Researchers Philipp Beiter and Eric Lantz from the US National Renewable Energy Laboratory (NREL), together with collaborators from the Lawrence Berkeley National Laboratory and the US Department of Energy, have elicited opinions from more than 140 of the world’s leading wind energy experts and collated their expectations about wind plant design in 2035.

Their results have been published in an article, ‘Expert perspectives on the wind plant of the future’, which has appeared in the journal Wind Energy. The researchers found that the height of wind turbines is expected to increase even more than previously forecast, with plants increasingly located in regions less favourable for wind energy.

In the ‘most-likely’ scenario, respondents predicted that hub height for newly installed onshore wind turbines will reach 130 metres in 2035, rather than the 115 m forecast by a 2015 survey, which looked 15 years to 2030.

These and other design choices discussed in the article, in plants of 1100 MW for fixed base units and 600 MW in floating arrays, can support levelised cost of energy (LCOE) reductions of 27% (onshore) and 17%–35% (floating and fixed-base offshore) by 2035 compared to today. New plant designs will also enhance wind energy’s grid service, for example, via project hybridisation with batteries and hydrogen production.

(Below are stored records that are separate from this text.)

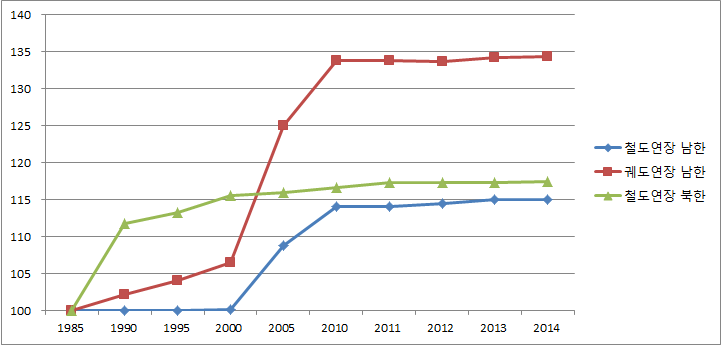 <그림 1> 남북한 철도연장 추이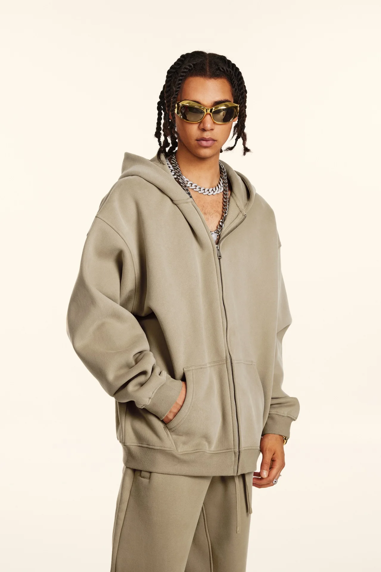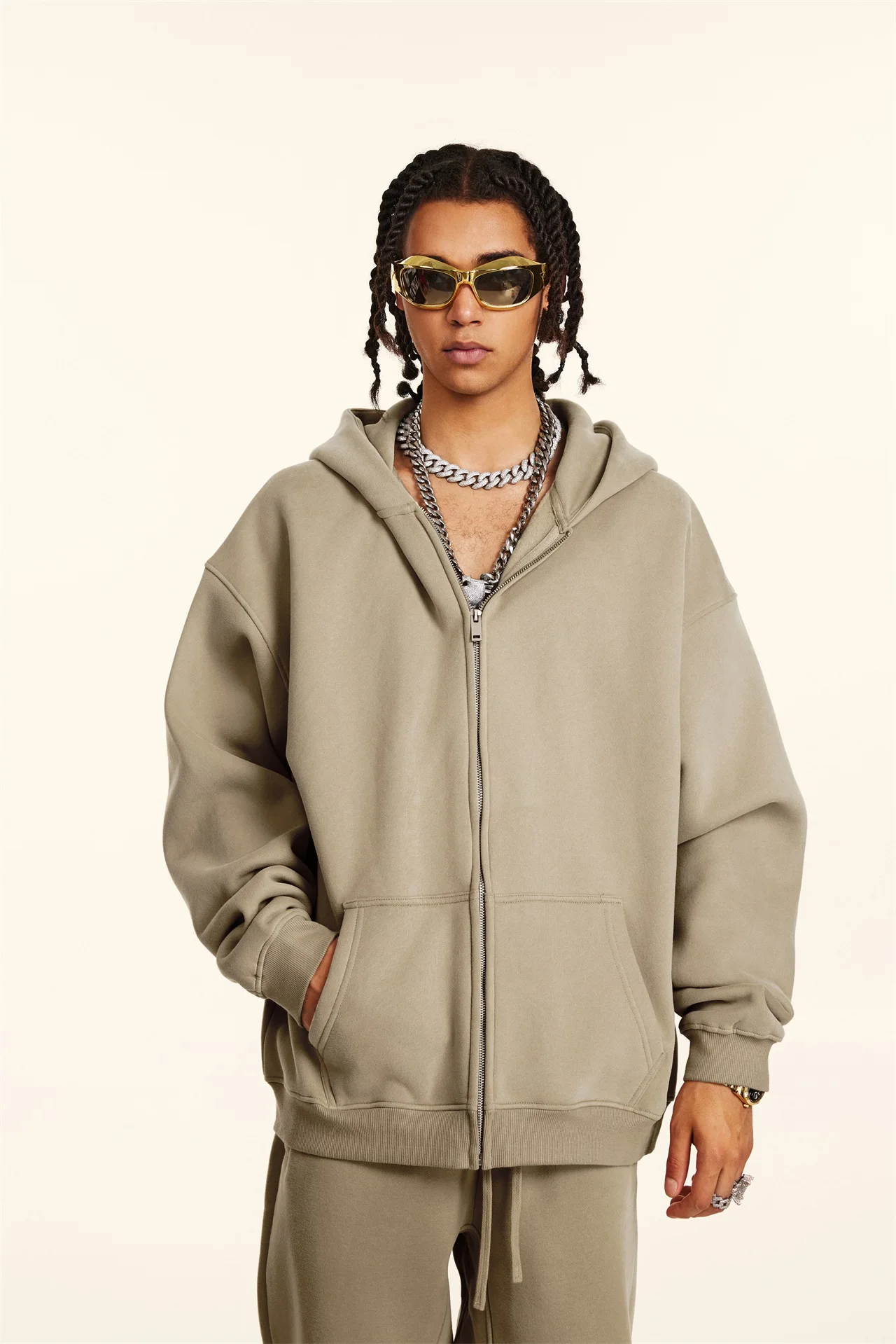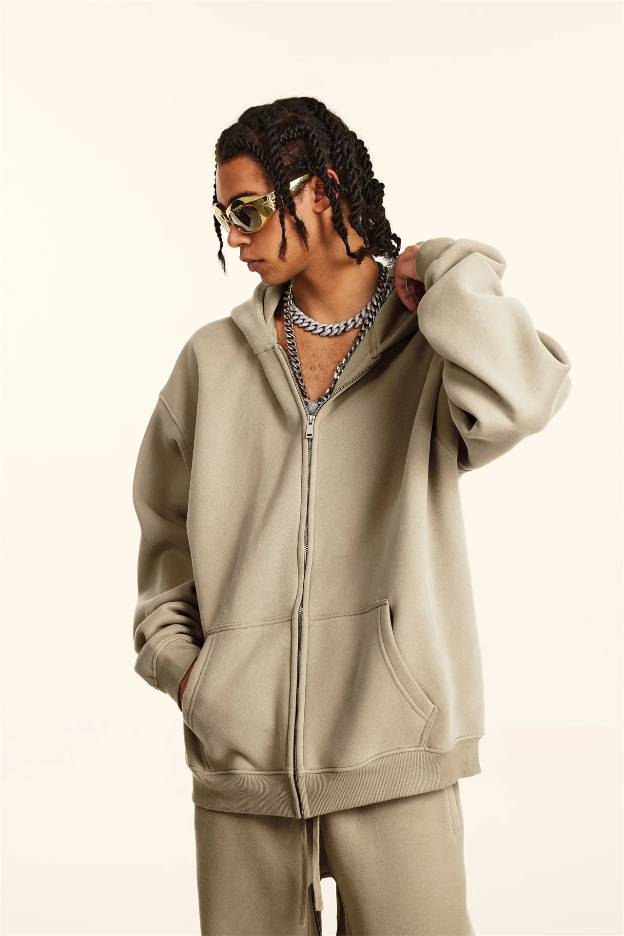 345GSM Men’s Fleece-Lined Solid-Color Zip-Up Hooded Sweatshirt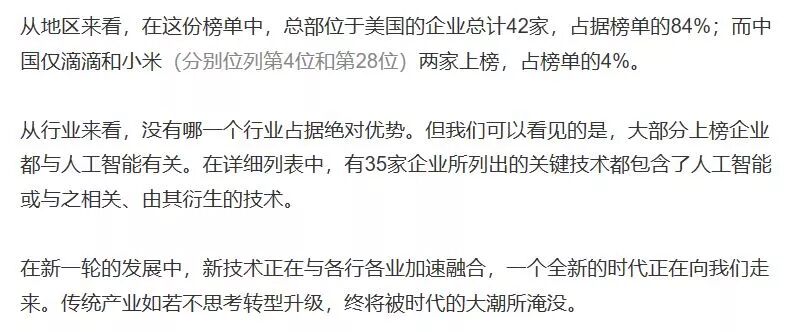 在这份榜单中,总部位于美国的企业总计42家,占据榜单的84%;而中国仅滴滴和小米(分别位列第4位和第28位)两家上榜,占榜单的4%。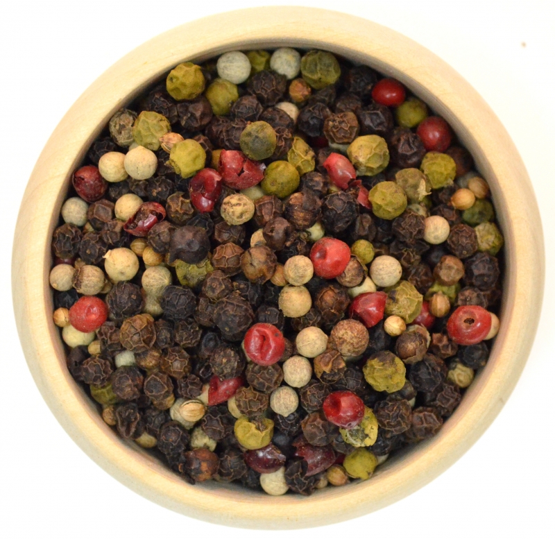 Zutaten: Pfeffer (schwarz, weiß, grün), Koriander, Rosa Beeren (Schinus Terebinthifolius). (kann Spuren von Senf, Sesam, Sellerie, Gluten und Mandeln enthalten)

The authors identified economic mechanisms that drive these design changes, including economies of scale from larger turbines, larger plant size, and greater siting flexibility. In essence, these mechanisms drive design choices because the value from reduced costs or higher energy production exceed the incremental expense to obtain them.

The global expert survey was made possible through an international research partnership under the auspices of the International Energy Agency Wind Technology Collaboration Programme, and funded by the US Department of Energy’s Wind Energy Technologies Office.